It's taken me over three hours to type those few paragraphs, driven through my sleepiness by anxiety no doubt. Now I don't want to post it because the sound of the modem dialing up the server and the server answering would probably wake Susan. I feel I owe her an apology already for leaving her dangling in the conversation with the doctor. I don't want to add modem noise.

Thursday night, April 23, 1998
Messier Than We Thought

The surgeon who did the original maxillectomy and the follow-up surgeries last fall thinks any "little" surgery to my eye would be both futile and dangerous. They would be cutting into tumor, not healthy tissue, and the circulation is already bad in that area because of all the previous radiation and surgery and recent chemotherapy so healing would be a problem. He sees a significant risk of starting some continuous bleeding and getting infections that won't clear. The oncologist points out that my tumors are likely to pop through the skin fairly soon, at which point I'll face risks of bleeding and infections anyway. It also turns out that the very procedure I've asked them to try, direct injections of the p53 vector, carries some of these same risks. The whole point of the p53 study is to prove the principle that tumor cells will necrose under the directions of this compound. The problem of getting all the dead cells cleared out remains. The needle itself and a syringe-barrel full of liquid create a wound in the first place. The oncologist is still in favor of debulking the tumor and thus trying to gain a little time to try something else -- a standard compound like methotrexate, if not p53. He's asked a different surgeon, an eye specialist, to look at my eye and this other guy is willing to try "debulking" but is not enthusiastic about it. I have to decide by noon tomorrow (Friday, 4/24) whether I want the surgery next Wednesday or not. If I don't take that date I'll have to wait an undetermined long time after. It's not clear that I'd get p53 whatever I do. The oncologist is willing to set up an exam and consultation with someone with immediate access to the stuff and while I'm willing to travel for such a thing, that person, whoever it might be, would still have to be willing to set up a treatment outside of the study protocol just for me. As for a more standard chemotherapy, they've already hit me with their best shot and it failed. I'm being asked to decide to try something already thought to be less likely to succeed.

I know my mood is often different in the daylight than it is in the dark so I've decided not to decide tonight.

Friday, April 24, 1998
Deciding in the Dark

I was right that my mood changed with the sunrise. I now feel that the odds of getting through the debulking without complications are similar to the odds of having complications without the surgery and there's a fair chance for a little extra time with less pain and pressure.
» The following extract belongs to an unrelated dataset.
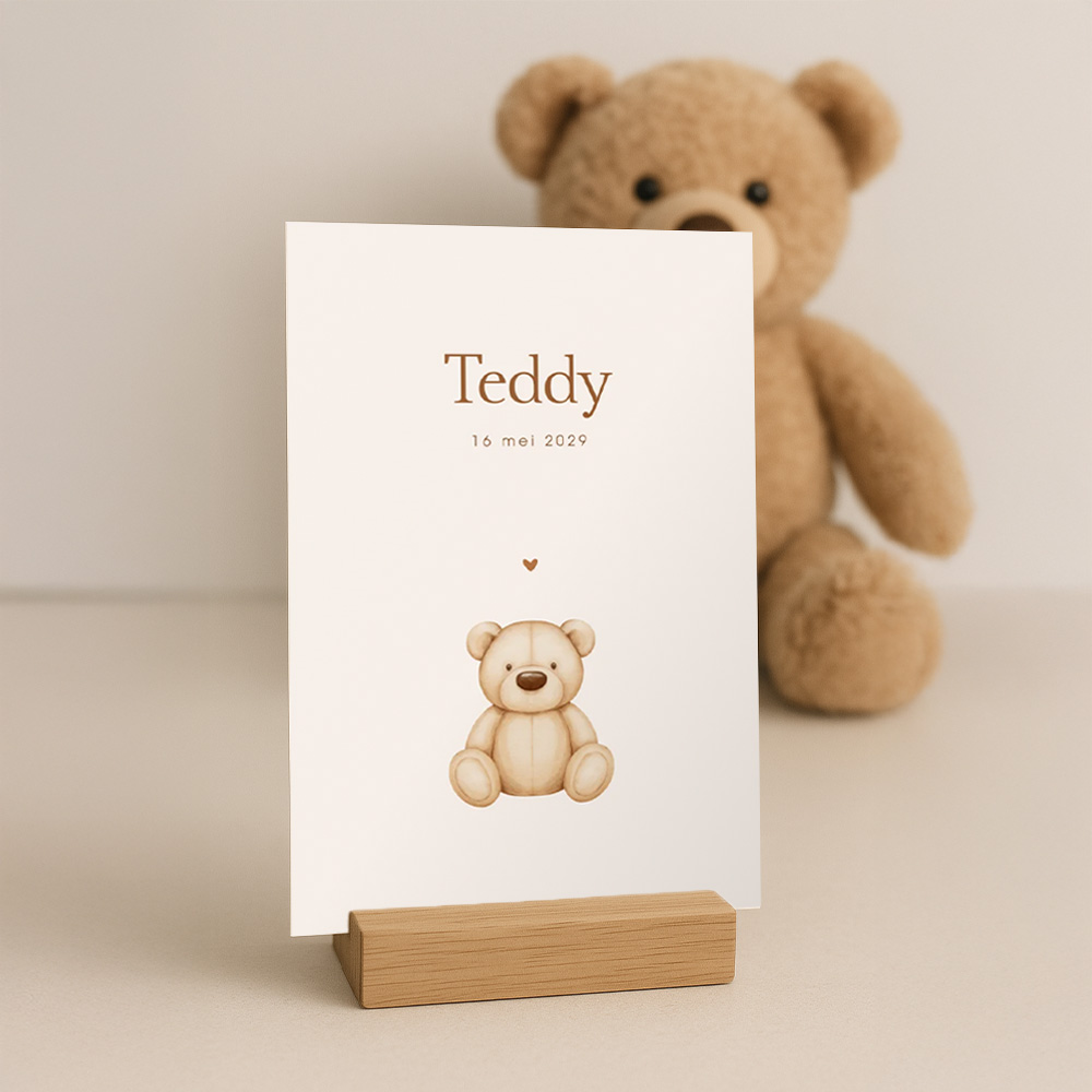 Geboortekaartje Teddy met schattig teddybeertje. De achtergrond is beige waardoor dit kaartje geschikt is voor zowel een jongen als een meisje. Je kunt dit geboortekaartje zelf gemakkelijk bewerken, opslaan en bestellen. Vragen of wensen? Laat het gerust weten, wij helpen je graag.

The important word in that last sentence is "feel," I know far too little to make an informed decision. I might change my mind if I were to hear that the films from yesterday's CT scan of my orbital area showed dramatic intrusion back toward the brain or encroachment toward a major artery. I would probably rethink things or, rather, re-feel things then.

The pace of typing this update is appallingly slow and I'll have to break off soon but before I stop I want to tell anyone planning on coming to my reading tonight to please feel free to skip it. I scheduled this so many months ago that I can't bring myself to cancel it now but I don't really know how long or how well I can read. The plan is that Maude will read first for twenty minutes and I will read second for thirty-five or forty minutes, concentrating on poems I've written in the last year. Frequent visitors to this page might guess that comic themes aren't likely to dominate the evening. I had thought about hauling out some older pieces to lighten things up but it seemed that the gaiety might feel a tad bit forced.

For people coming from out of town, here are the directions to Louden Nelson Center:


Take Hwy 17 to Santa Cruz and take Hwy 1, North towards Half Moon Bay
Hwy 1 turns into Mission Street.
The third traffic light on Mission is at Laurel Street
Turn left onto Laurel and stay on Laurel as it goes downhill
past the high school athletics field and across the railroad tracks.
Louden Nelson Center is on your left two blocks past the tracks
on a street called Center Street. It's a converted grade school.

Sunday afternoon, April 26, 1998
No Debulking After All

The ophthalmological surgeon returned my call late Friday afternoon. He told me he hadn't seen the CT films yet but he had reconsidered things overnight and decided that he wasn't willing to do the operation. I'm still using the eye and I would probably lose that, the healing problems would be considerable, however conservative he tried to be.

I had already been imagining that the CT films would reveal a great threat to some artery that would make surgery too dangerous. When the doctor said he didn't want to cut me after all, the huge relief I felt showed me how strongly I wanted not to get cut again. Last Thursday night, given the task of deciding overnight on the surgery myself, I sought information on the practical aspects of dying of head tumors. I had heard that it was one of the most painful ways to go, in part because the invasion of bone is especially painful but I couldn't quite visualize the mechanics. I ended up contacting a hospice nurse who is a friend of a friend. She said that the most reliable predictions about cancer deaths are how unpredictable they are. The timing and manner are never what you think. Despite her hedging she did say that it was important to remember that we couldn't see what the interior developments were. You might think development was going in a particular direction and then bleed out all of a sudden.

"Bleed out?"

Yeah, when the tumor encroaches on the wall of some artery you can bleed to death in a very few minutes, apparently a blissful way to go, though potentially messy for others sitting around.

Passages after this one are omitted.